Because of their socio-economic status, the Roma have less access to medical care and are at higher risk of diseases like diabetes, cardiovascular diseases, and other complex diseases [69]. Since CYP2D6 metabolizes many commonly used drugs [70], it is of great interest for research not only in the general population but also in isolated or minority populations. Studies on clinical effects of several antiarrhythmic drugs including metoprolol, timolol and propafenone, and antidepressants and antipsychotics have not been unanimous. It is assumed that poor/intermediate metabolizers are prone to adverse drug reactions. Furthermore, for antidepressants and antipsychotics, there is a risk of overexposure in poor/intermediate metabolizers and underexposure in normal metabolizers [68]. For several opioid drugs (codeine, oxycodone, and tramadol) used to treat pain, genotypes have been shown to affect their efficacy and safety [68]. Cancer research studies are not in agreement with the role of CYP2D6 in the development of cancer [71,72]. Still, this enzyme is involved in the metabolism of cytotoxic drugs such as tamoxifen, and it has been shown that both poor and ultrarapid CYP2D6 metabolizers of tamoxifen have a worse prognosis compared with normal metabolizers [73,74].
Pharmacogenomic research is an important tool in drug development and health system improvement that leads to personalized medicine. In populations that are unlikely to have access to personalized medicine, a population profiling like this one can be of interest for medical practitioners since the results of such research can provide the basis for the avoidance (or careful monitoring of the effects) of the administration of drugs that contain substances that are not properly metabolized among the members of that population.

5. Conclusions

Summarizing our results, we can say that demographic history, predominantly migrations (from India to Balkans and across Southeast European areas) and endogamy, has indeed influenced the distribution of variations within the CYP2D6 gene. It can be seen in the accumulation of globally rare variants which is the result of genetic drift that operates in isolated populations such as the Roma. Additionally, traces of their South Asian origin can be seen in the frequencies of polymorphic variants that are similar to Asian populations in many SNPs, as well as in elevated frequencies of star alleles *10 and *41. Given metabolizing phenotype estimates, Croatian Roma generally have low levels of poor metabolizers. The three socio-culturally different Roma groups studied differ significantly in the distribution of star alleles, which confirms the importance of studying different Roma groups separately.

Supplementary Materials

The following supporting information can be downloaded at: https://www.mdpi.com/article/10.3390/jpm12030374/s1, Table S1: Major and minor allele frequencies of polymorphic loci in East Asian, South Asian, European, and Croatian Roma populations; Table S2: CYP2D6 haplotype list; Table S3: Worldwide frequencies of most frequent star alleles in Roma population.

Author Contributions

Conceptualization, M.P.S. and M.Z.P.; methodology, A.S.M., M.P.S.; validation, all; formal analysis, A.S.M., M.Z.P.; investigation, Ž.T., B.P.; A.S.M.; data curation, T.Š.-J., Ž.T.; writing—original draft preparation, A.S.M., M.Z.P.; writing—review and editing, All; visualization, M.Š.; supervision, M.P.S.; funding acquisition, M.P.S. All authors have read and agreed to the published version of the manuscript.

Funding

This study was funded by the Croatian Science Foundation (IP-2014-09-4454 and DOK-2018-01-4817 to M.P.S.).

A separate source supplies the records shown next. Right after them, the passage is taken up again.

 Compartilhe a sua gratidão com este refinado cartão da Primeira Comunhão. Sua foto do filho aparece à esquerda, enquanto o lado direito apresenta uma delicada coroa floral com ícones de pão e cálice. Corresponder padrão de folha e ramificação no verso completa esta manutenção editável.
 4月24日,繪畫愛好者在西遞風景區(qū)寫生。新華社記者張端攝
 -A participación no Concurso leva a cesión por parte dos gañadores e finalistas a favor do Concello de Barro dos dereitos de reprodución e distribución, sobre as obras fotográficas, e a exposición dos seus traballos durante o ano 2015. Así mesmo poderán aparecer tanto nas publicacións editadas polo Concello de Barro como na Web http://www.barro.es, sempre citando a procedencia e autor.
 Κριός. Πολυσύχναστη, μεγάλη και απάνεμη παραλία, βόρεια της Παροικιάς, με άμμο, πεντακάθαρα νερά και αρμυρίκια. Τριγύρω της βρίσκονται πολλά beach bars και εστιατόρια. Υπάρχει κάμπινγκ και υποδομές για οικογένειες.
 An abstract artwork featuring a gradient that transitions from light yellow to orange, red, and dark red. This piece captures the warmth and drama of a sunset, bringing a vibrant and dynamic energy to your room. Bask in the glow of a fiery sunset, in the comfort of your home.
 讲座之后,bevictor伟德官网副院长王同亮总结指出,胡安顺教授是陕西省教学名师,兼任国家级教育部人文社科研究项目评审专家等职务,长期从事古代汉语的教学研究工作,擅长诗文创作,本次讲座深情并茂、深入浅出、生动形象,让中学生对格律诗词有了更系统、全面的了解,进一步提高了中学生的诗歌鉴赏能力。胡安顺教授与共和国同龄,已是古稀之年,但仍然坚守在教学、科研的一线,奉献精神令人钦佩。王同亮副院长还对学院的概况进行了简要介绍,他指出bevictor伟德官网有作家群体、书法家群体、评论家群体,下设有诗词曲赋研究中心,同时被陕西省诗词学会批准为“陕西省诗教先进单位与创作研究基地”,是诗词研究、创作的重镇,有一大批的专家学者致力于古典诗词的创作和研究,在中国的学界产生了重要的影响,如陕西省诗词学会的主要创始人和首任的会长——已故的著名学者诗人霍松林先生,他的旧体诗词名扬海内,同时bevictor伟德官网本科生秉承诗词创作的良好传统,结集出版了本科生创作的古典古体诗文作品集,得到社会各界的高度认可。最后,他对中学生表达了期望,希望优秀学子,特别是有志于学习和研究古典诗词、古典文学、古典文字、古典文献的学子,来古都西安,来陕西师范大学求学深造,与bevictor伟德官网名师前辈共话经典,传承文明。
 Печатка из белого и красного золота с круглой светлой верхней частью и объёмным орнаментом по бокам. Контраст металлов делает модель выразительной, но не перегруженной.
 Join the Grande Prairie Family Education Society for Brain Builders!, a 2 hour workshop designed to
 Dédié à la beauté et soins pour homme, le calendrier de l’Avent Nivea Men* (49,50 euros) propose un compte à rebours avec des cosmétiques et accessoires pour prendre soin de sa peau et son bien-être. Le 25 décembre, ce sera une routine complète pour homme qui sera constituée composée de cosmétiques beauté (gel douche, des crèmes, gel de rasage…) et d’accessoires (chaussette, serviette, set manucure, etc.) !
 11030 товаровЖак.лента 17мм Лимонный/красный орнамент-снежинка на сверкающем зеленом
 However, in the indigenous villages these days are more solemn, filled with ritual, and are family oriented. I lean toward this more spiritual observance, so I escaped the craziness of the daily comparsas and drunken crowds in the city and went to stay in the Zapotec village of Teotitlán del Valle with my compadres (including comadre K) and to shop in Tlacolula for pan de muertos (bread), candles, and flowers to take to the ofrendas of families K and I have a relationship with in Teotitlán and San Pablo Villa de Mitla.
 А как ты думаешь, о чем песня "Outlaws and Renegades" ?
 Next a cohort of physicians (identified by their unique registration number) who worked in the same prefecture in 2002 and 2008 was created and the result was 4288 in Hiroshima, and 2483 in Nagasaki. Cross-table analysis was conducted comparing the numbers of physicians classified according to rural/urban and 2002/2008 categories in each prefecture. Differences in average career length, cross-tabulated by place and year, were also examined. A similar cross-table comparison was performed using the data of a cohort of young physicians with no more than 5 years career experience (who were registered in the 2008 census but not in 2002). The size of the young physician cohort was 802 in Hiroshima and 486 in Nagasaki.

Institutional Review Board Statement

The study was conducted in accordance with the Declaration of Helsinki and approved by the Scientific Committee and the Ethics Committee of the Institute for Anthropological Research (RN 1.14-1611/14).

Informed Consent Statement

All Roma participated in the study voluntarily and were informed about the goals, methods, and expectations of the study with the help of linguistically and culturally competent and trained Roma volunteers, after which they gave their informed consent.

Data Availability Statement

All data analyzed in this study are available at http://roma.inantro.hr/en/, accessed on 18 January 2022. In case of using this database for further analyses, please cite this publication. If further clarification is required, contact the corresponding author.

Acknowledgments

We are deeply grateful to the Roma people for their kindness and interest in participation in this study. We would like to thank the anonymous reviewers for their suggestions and comments.

Conflicts of Interest

The authors declare no conflict of interest.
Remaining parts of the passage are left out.